Tuesday, October 31, 2006

Goodbye Linda

A lot has happened in two months. Summer has gone away and fall has come again. I have looked down from half way up a mountain, finding that I was too weak to go all the way to the top. Tim and I celebrated 12 years together. We had a third place brisket. My cousin died.

Right. She was murdered.

Linda was shot to death for no damn good reason except she lived in a bad neighborhood and probably told off the wrong guy.

She was good at that. She and I lived very different lives but I knew that about her.

Where we were concerned, two people could not be more different. Her mother was my father's younger sister. They lived a block over from us when I was little but she and her sister and brothers were all much older than I, so we didn't hang out. My exposure to her was really just at holidays.

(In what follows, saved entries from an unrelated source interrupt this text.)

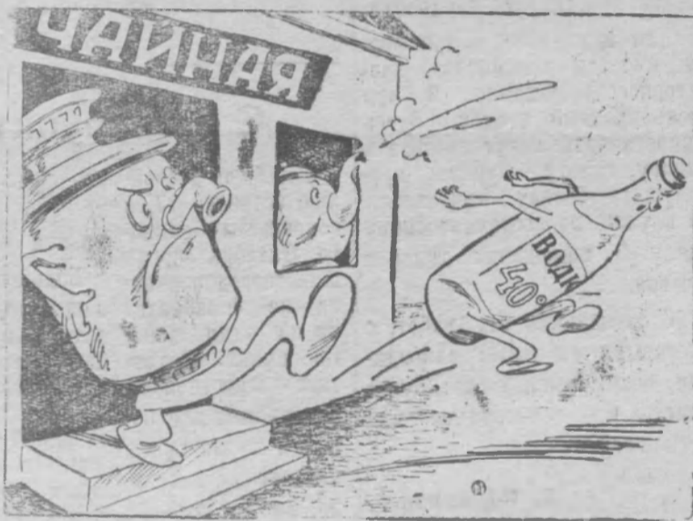
Удар от ворот.

Не пора ли бутылку с белой головкой вместе с ее любителями выпроводить из чайных? (Из писем рабкоров пос. Пижмы)
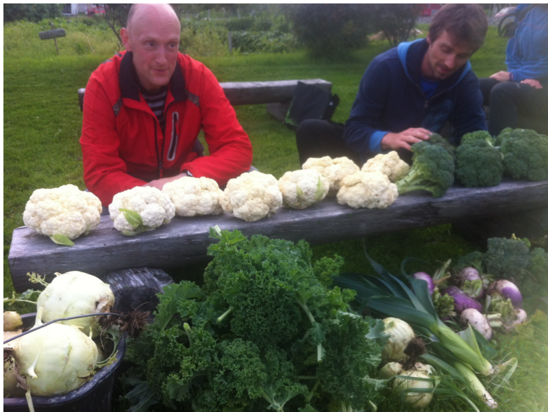
Fra Bodø Økologiske besøkshage

Koordinerer. Fordele oppgaver og utvikle samarbeid.
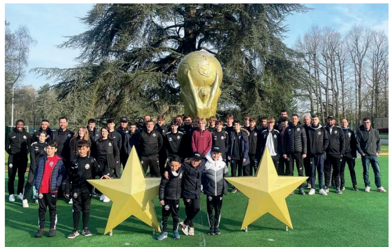
Les U17 et les éducateurs à Clairfontaine

Au niveau des animations, la fin de saison s'annonce bien remplie. Le club organisera deux tournois : un tournoi jeunes le jeudi de l'Ascension et un tournoi de sixte le 24 juin. Sans oublier le traditionnel repas Bodega le 10 juin à Sainte-Fortunade.
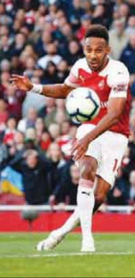
أوباميانغ يسجل ثاني أهداف أرسنال في مرمرى إيفرتون وهو في موقف تسلل

كبيرة في فك التكتل الدفاعي لوستهام فلجأ لاعبو إلى التسديد من بعيد، حيث جرب الدفاع الألماني أنطونيو رودرغ حظه من خارج المنطقة بين يدي الحارس البولندي لوكاس فابيانسكي في الدقيقة 10، ثم تلقى الكرة البلجيكي إدين هازار كرة داخل المنطقة سدها قوية بين يدي فابيانسكي.
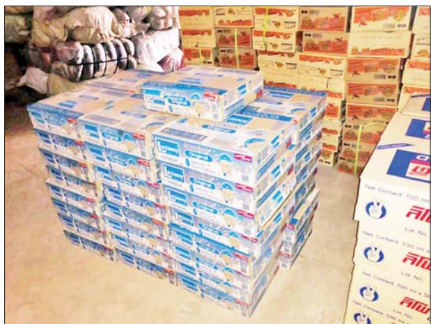
ရန်ကုန်တိုင်းဒေသကြီးမှ သိမ်းဆည်းရမိမှု။

နေပြည်တော် ဇန်နဝါရီ ၁၃ တရားမဝင်ကုန်သွယ်မှုတိုက်ဖျက်ရေး ဦးဆောင်ကော်မတီ၏ ကြီးကြပ်ကွပ်ကဲမှုဖြင့် တရားမဝင်ကုန်သွယ်မှုများကို ဥပဒေနှင့်အညီ ထိရောက်စွာ တားဆီးအရေးယူနိုင်ရေး ဆောင်ရွက်လျက်ရှိရာ ဇန်နဝါရီ ၁၂ ရက်တွင် ရန်ကုန်တိုင်းဒေသကြီး တရားမဝင်ကုန်သွယ်မှုတိုက်ဖျက်ရေးအထူးအဖွဲ့၏ စီမံခန့်ခွဲမှုဖြင့် တာဝန်ကျူးပေါင်းအဖွဲ့က စစ်ဆေးမှုများ ဆောင်ရွက်ရာတွင် အမှတ်(၃)လမ်းဆုံ၌ မော်လမြိုင်မြို့မှ ရန်ကုန်မြို့သို့ မောင်းနှင်လာသော ယာဉ်တစ်စီးပေါ်မှ တရားဝင်စာရွက်စာတမ်း အထောက်အထားတင်ပြနိုင်ခြင်းမရှိသည့် Lactasoy ပဲနီဘူး ၂၇၀၀၊ Spy Wine ပုလင်း ၂၂၈၀ အပါအဝင် ကုန်ပစ္စည်းခြောက်မျိုး (ခန့်မှန်း တန်ဖိုးငွေကျပ် ၉၃၅၄၀၀၀)နှင့် အဆိုပါပစ္စည်းများ တင်ဆောင်လာသည့် Mitsubishi Fuso Bus တစ်စီး (ခန့်မှန်းတန်ဖိုးငွေကျပ် ၁၈၀၀၀၀၀) စုစုပေါင်း ခန့်မှန်းတန်ဖိုးငွေကျပ် ၂၇၃၅၄၀၀၀ ကို သိမ်းဆည်းရမိခဲ့ပြီး အကောက်ခွန်လုပ်ထုံးလုပ်နည်းများနှင့်အညီ အရေးယူဆောင်ရွက်လျက်ရှိသည်။
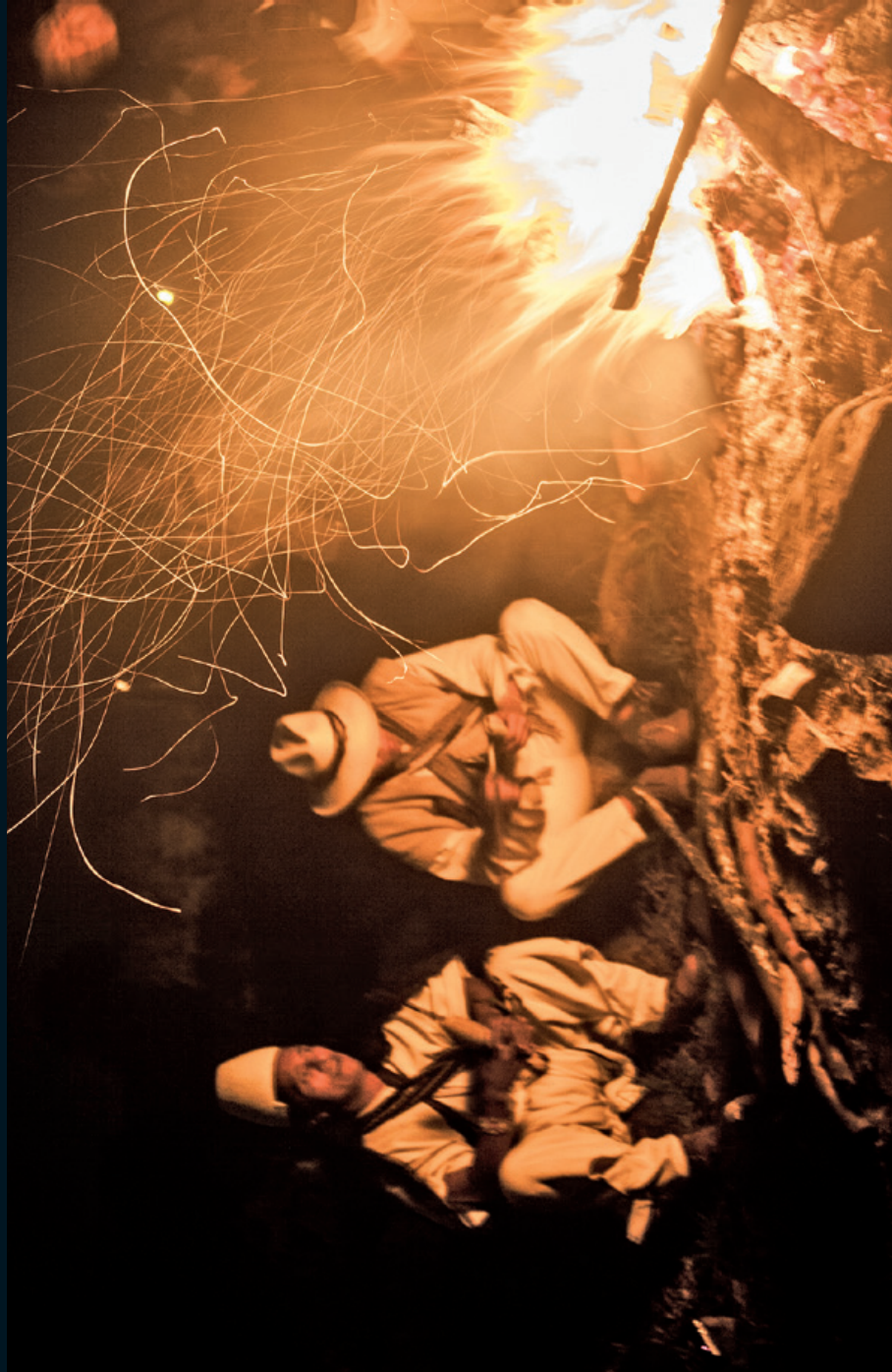
Fotografía 11. Círculo de la palabra. Valle de Saquenzipa, Boyacá
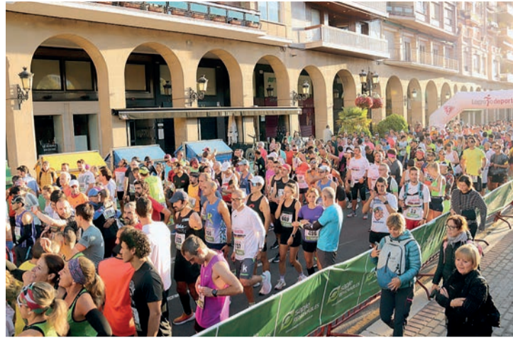
Una imagen de la reciente Maratón de Logroño.

La asociación se despachó contra el partido del primer edil, el PSOE: “Esta formación política ha dado un giro a su política de seguridad pública, ha pasado de no necesitar policías en la calle a utilizarlos para actos multitudinarios de su conveniencia u organizados por empresas poten-
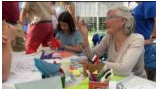
Compiègne 6 ème édition
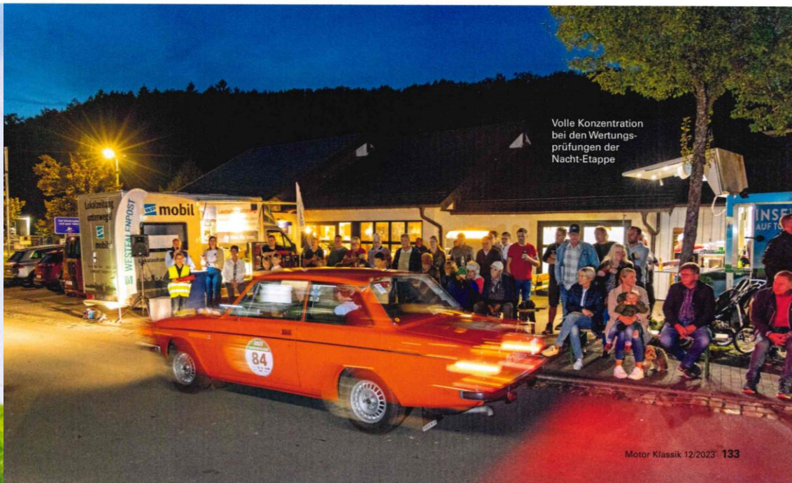
Volle Konzentration bei den Wertungsprüfungen der Nacht-Etappe
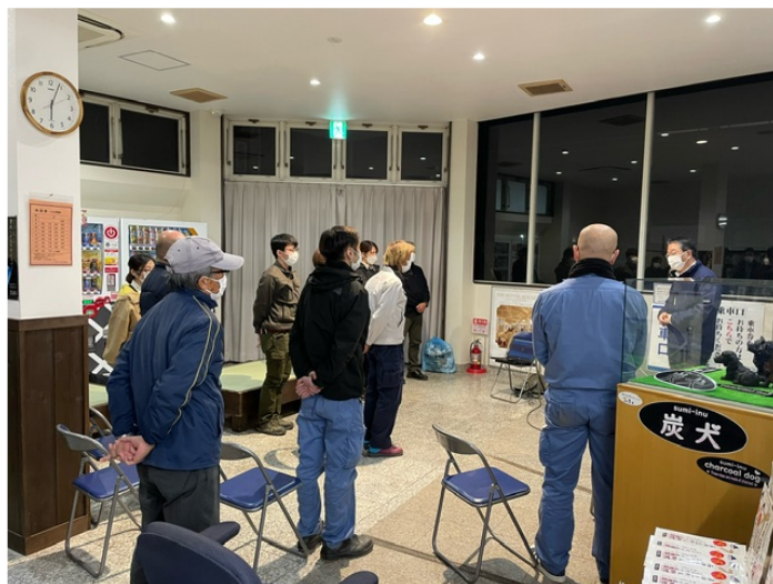
異常時対応訓練時の社長訓示

また、安全目標達成のため適時社内各部門を巡視、従業員の監督指導やコミュニケーションの確保に努めました。

In her teen years she was a wild child who seemed always to be coming and going, doing drugs, disappearing. She'd drop her kid off with my aunt and be gone. She lived hard. I, on the other hand, lived quietly, conservatively. I got my education and then a master's degree. I did drugs as an experiment at a party once and didn't like them so I never did them again. I married. I went to work. Lived clean. Sooner or later she was just a distant image in an old picture: 14 cousins (missing only the two not yet born) in front of the Christmas tree at our grandmother's house -- she a sort of pretty blonde teen in jeans and a plaid shirt with her arm draped around my brother's shoulders, laughing in to the camera. I am crouched near the bottom of that same photo, hair coiffed, perfect little dress, smiling absently at something off camera, feeling and looking terribly out of place.

I saw her most recently at her mother's funeral although I don't know if I even said anything to her. We hardly knew each other, really.

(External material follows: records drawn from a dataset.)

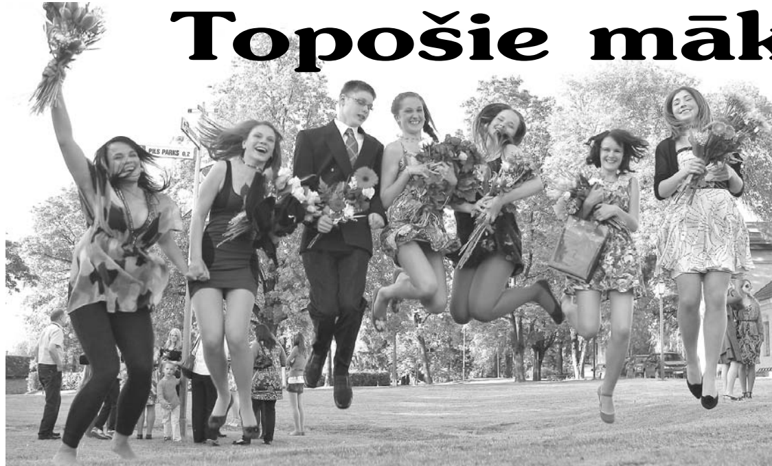
Mākslas skolas Priekuļu absolventi priecīgi par saņemtajiem diplomiem
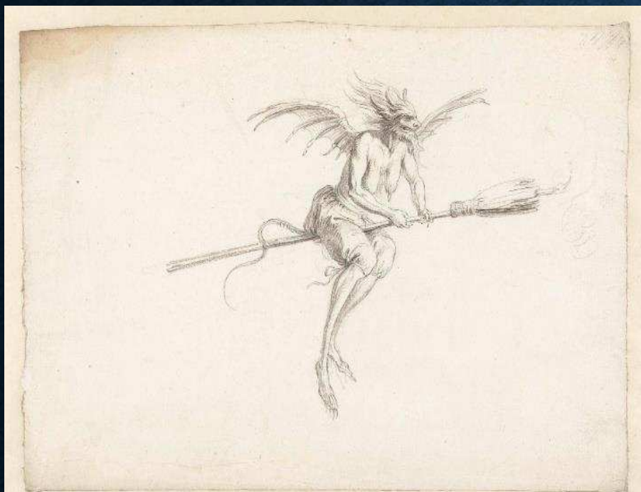
Cornelis Saftleven, Uden titel (heks på kost), 1617-1681 Rijksmuseum Amsterdam
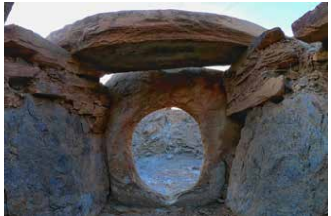
Proyecto N° 38: Sepultura 12 de la necrópolis de Los Milanes (Abla, Almería)
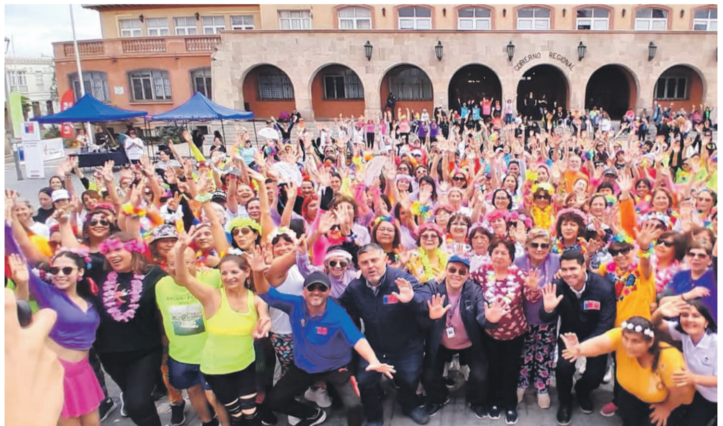
Una entretenida actividad deportiva se desarrolló en el centro de La Serena, como una manera de hacer un buen uso de los espacios públicos.

Sin embargo, el Cendyr La Serena y el de Caleta San Pedro fueron los otros espacios que albergaron parte de la jornada y a las familias interesa-
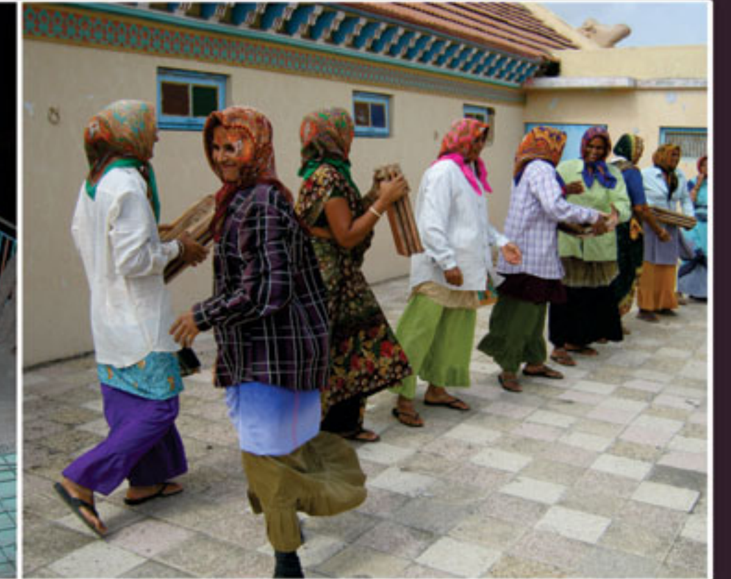
નારણપર નિ.વા. હિંડોળા દર્શન તેમજ સેવા કરતા ભાઈઓ તથા બહેનો

In life she stayed in her part of town and I stayed in mine. In death we return to the same circle. If not for the accident of parentage, she might have been just another incomplete headline of the news. But she was someone. She was. And I am sad. Because I didn't know her any better than anyone else who saw the story of another shooting on the news. Because I can cry over movies, a good book, a tv show, a sprained wrist -- but I cannot cry for Linda.

And I have 13 more cousins I don't know any better than I knew her.